* [WORK ORDER]
Every line below must be copied as written, except for pictures.
----- RECORDED INFORMATION
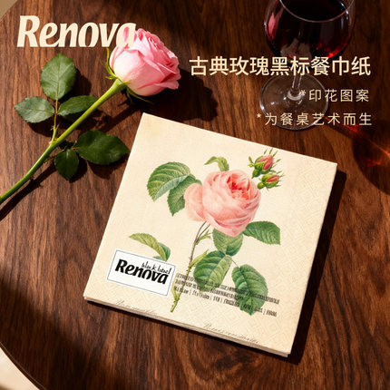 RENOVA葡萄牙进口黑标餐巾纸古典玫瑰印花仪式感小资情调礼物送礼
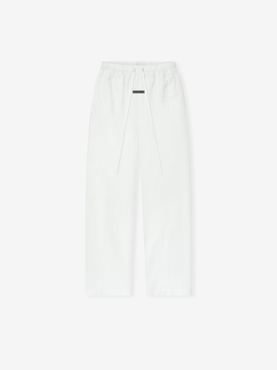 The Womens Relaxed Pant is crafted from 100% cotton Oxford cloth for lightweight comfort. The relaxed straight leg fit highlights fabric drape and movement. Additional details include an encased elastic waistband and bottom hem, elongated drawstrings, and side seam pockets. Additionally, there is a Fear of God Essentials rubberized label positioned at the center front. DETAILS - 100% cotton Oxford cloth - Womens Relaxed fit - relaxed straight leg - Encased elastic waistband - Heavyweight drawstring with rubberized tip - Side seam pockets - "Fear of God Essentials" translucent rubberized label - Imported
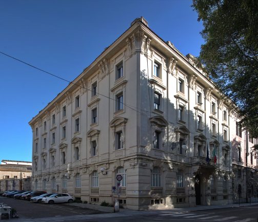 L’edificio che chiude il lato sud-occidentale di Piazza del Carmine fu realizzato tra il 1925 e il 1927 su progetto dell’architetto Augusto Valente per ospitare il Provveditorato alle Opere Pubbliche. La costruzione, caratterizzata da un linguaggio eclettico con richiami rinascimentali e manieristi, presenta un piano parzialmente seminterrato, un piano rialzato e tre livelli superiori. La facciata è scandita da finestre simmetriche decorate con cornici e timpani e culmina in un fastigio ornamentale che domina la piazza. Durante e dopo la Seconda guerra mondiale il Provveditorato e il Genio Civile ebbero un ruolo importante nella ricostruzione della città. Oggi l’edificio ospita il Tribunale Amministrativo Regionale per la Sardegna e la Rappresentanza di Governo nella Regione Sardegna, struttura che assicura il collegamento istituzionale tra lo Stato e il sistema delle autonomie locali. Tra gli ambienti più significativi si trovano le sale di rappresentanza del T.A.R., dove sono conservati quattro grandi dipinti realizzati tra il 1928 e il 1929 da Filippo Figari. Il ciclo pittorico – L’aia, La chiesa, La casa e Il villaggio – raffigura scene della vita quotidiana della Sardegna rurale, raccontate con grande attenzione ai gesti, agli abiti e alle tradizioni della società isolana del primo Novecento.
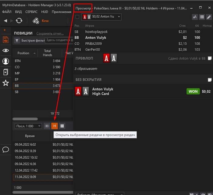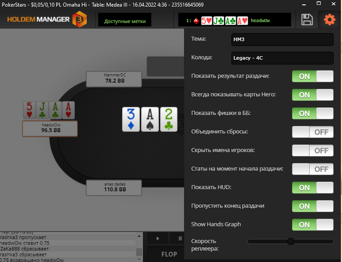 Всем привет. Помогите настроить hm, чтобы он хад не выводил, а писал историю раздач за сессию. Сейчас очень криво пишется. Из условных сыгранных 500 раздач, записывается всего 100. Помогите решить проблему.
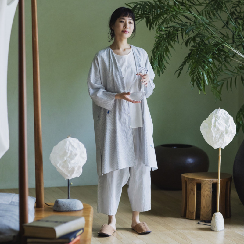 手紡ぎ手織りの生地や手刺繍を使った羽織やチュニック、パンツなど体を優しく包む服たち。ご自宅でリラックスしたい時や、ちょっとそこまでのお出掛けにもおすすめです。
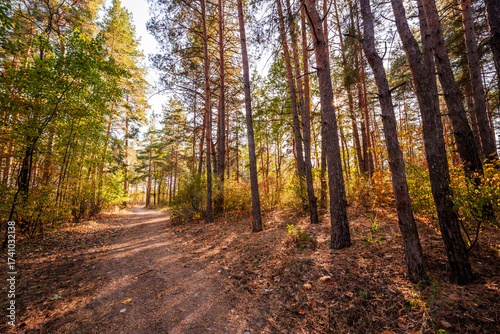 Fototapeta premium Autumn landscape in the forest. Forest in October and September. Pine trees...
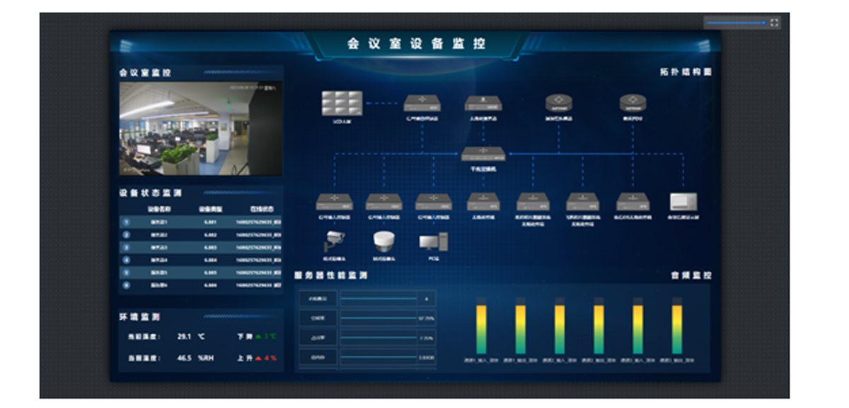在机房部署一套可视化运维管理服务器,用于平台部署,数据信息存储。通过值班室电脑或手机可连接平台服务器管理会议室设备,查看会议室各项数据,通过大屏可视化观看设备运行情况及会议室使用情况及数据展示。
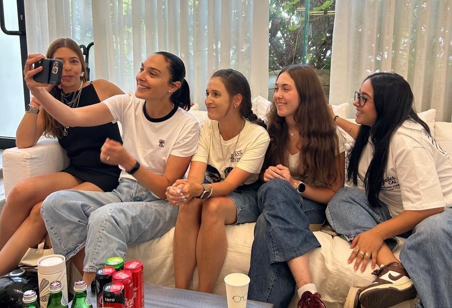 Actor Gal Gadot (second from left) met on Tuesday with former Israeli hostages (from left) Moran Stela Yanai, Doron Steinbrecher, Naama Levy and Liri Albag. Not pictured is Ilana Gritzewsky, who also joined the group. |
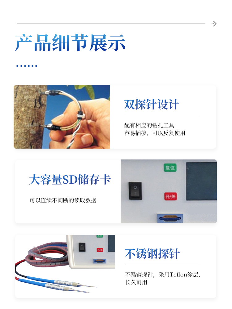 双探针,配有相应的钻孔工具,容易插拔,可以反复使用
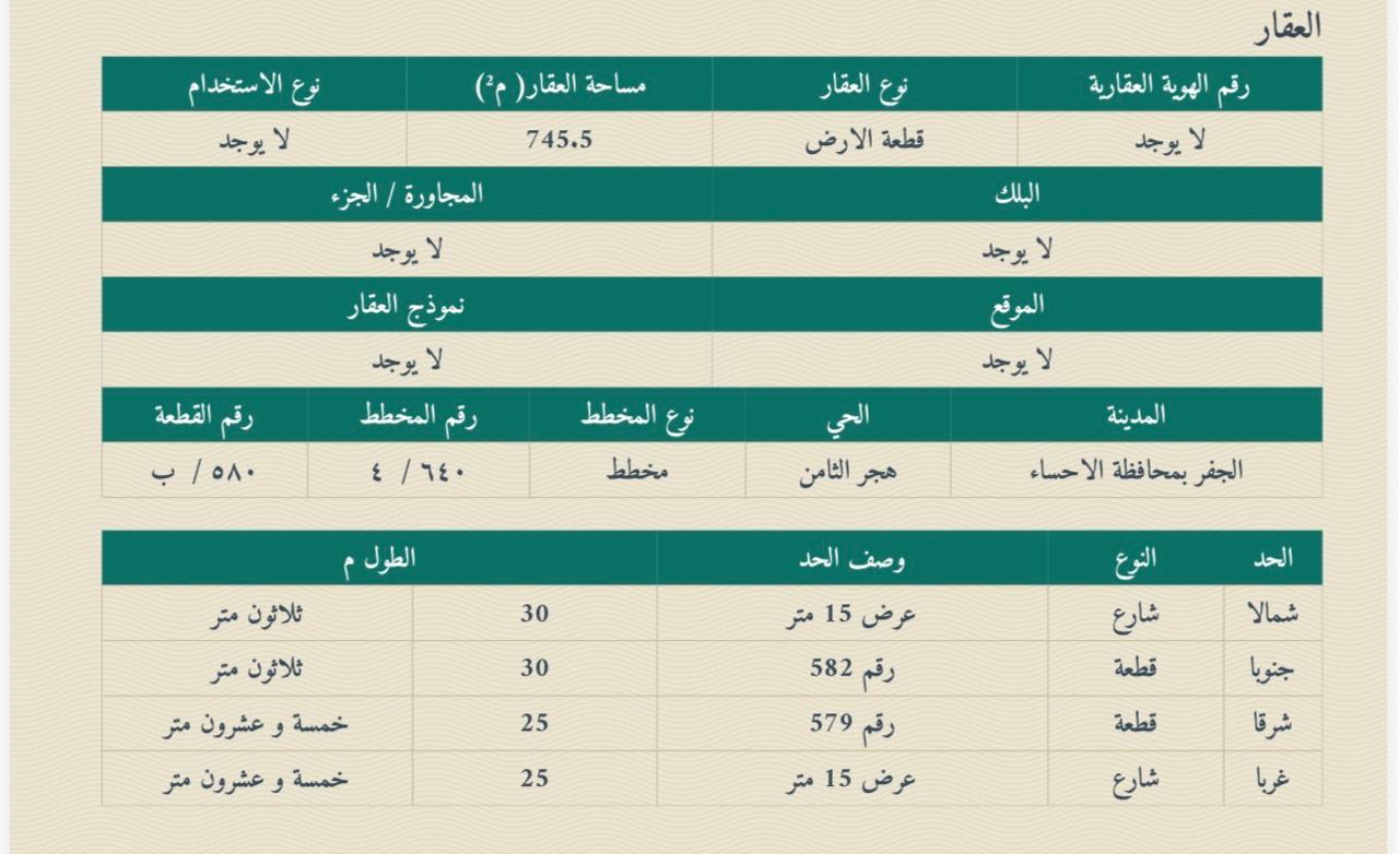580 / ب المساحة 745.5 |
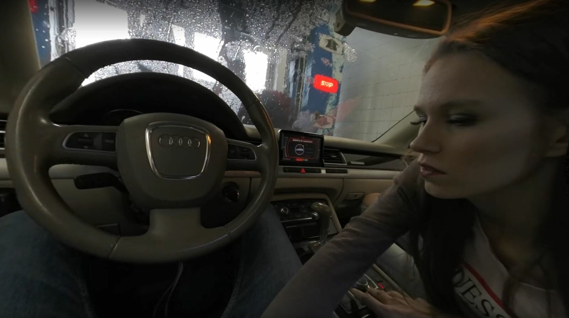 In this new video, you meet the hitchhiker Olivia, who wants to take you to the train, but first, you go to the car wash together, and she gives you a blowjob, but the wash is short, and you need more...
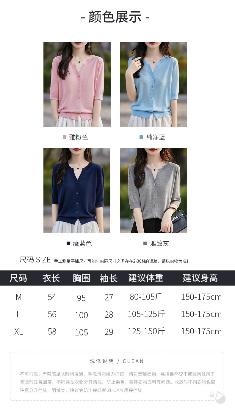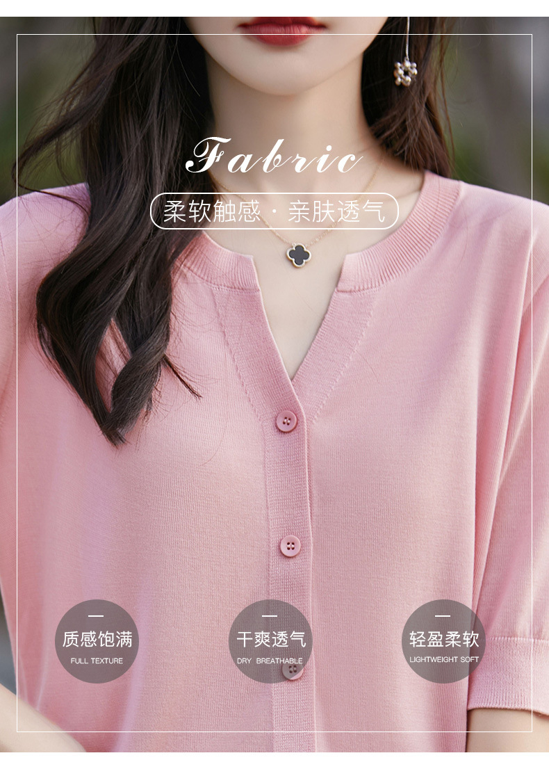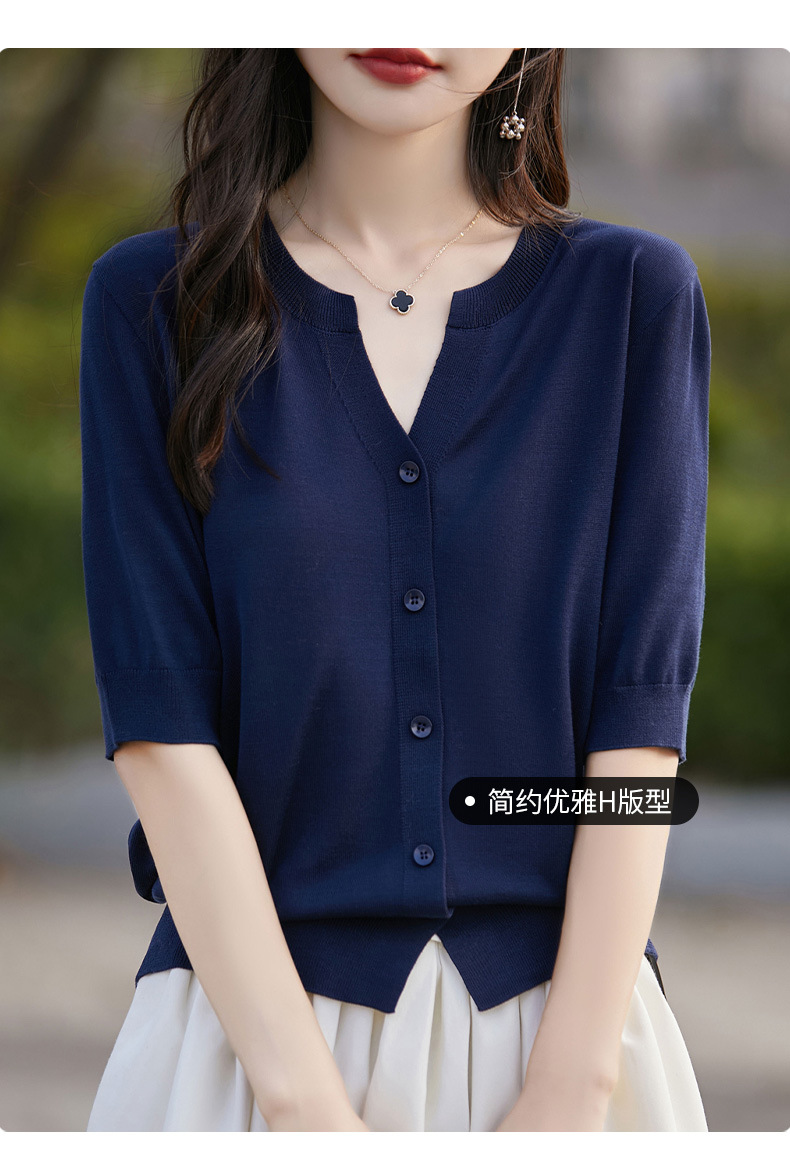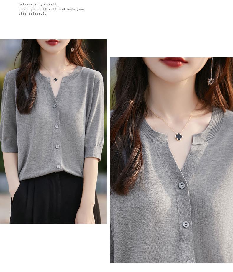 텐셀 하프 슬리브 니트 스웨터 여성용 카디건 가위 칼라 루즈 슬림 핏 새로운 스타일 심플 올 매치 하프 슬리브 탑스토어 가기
----------
* [ANSWER]
 RENOVA葡萄牙进口黑标餐巾纸古典玫瑰印花仪式感小资情调礼物送礼
 The Womens Relaxed Pant is crafted from 100% cotton Oxford cloth for lightweight comfort. The relaxed straight leg fit highlights fabric drape and movement. Additional details include an encased elastic waistband and bottom hem, elongated drawstrings, and side seam pockets. Additionally, there is a Fear of God Essentials rubberized label positioned at the center front. DETAILS - 100% cotton Oxford cloth - Womens Relaxed fit - relaxed straight leg - Encased elastic waistband - Heavyweight drawstring with rubberized tip - Side seam pockets - "Fear of God Essentials" translucent rubberized label - Imported
 L’edificio che chiude il lato sud-occidentale di Piazza del Carmine fu realizzato tra il 1925 e il 1927 su progetto dell’architetto Augusto Valente per ospitare il Provveditorato alle Opere Pubbliche. La costruzione, caratterizzata da un linguaggio eclettico con richiami rinascimentali e manieristi, presenta un piano parzialmente seminterrato, un piano rialzato e tre livelli superiori. La facciata è scandita da finestre simmetriche decorate con cornici e timpani e culmina in un fastigio ornamentale che domina la piazza. Durante e dopo la Seconda guerra mondiale il Provveditorato e il Genio Civile ebbero un ruolo importante nella ricostruzione della città. Oggi l’edificio ospita il Tribunale Amministrativo Regionale per la Sardegna e la Rappresentanza di Governo nella Regione Sardegna, struttura che assicura il collegamento istituzionale tra lo Stato e il sistema delle autonomie locali. Tra gli ambienti più significativi si trovano le sale di rappresentanza del T.A.R., dove sono conservati quattro grandi dipinti realizzati tra il 1928 e il 1929 da Filippo Figari. Il ciclo pittorico – L’aia, La chiesa, La casa e Il villaggio – raffigura scene della vita quotidiana della Sardegna rurale, raccontate con grande attenzione ai gesti, agli abiti e alle tradizioni della società isolana del primo Novecento.
 Всем привет. Помогите настроить hm, чтобы он хад не выводил, а писал историю раздач за сессию. Сейчас очень криво пишется. Из условных сыгранных 500 раздач, записывается всего 100. Помогите решить проблему.
 手紡ぎ手織りの生地や手刺繍を使った羽織やチュニック、パンツなど体を優しく包む服たち。ご自宅でリラックスしたい時や、ちょっとそこまでのお出掛けにもおすすめです。
 Fototapeta premium Autumn landscape in the forest. Forest in October and September. Pine trees...
在机房部署一套可视化运维管理服务器,用于平台部署,数据信息存储。通过值班室电脑或手机可连接平台服务器管理会议室设备,查看会议室各项数据,通过大屏可视化观看设备运行情况及会议室使用情况及数据展示。
 Actor Gal Gadot (second from left) met on Tuesday with former Israeli hostages (from left) Moran Stela Yanai, Doron Steinbrecher, Naama Levy and Liri Albag. Not pictured is Ilana Gritzewsky, who also joined the group. |
 双探针,配有相应的钻孔工具,容易插拔,可以反复使用
580 / ب المساحة 745.5 |
 In this new video, you meet the hitchhiker Olivia, who wants to take you to the train, but first, you go to the car wash together, and she gives you a blowjob, but the wash is short, and you need more...
 텐셀 하프 슬리브 니트 스웨터 여성용 카디건 가위 칼라 루즈 슬림 핏 새로운 스타일 심플 올 매치 하프 슬리브 탑스토어 가기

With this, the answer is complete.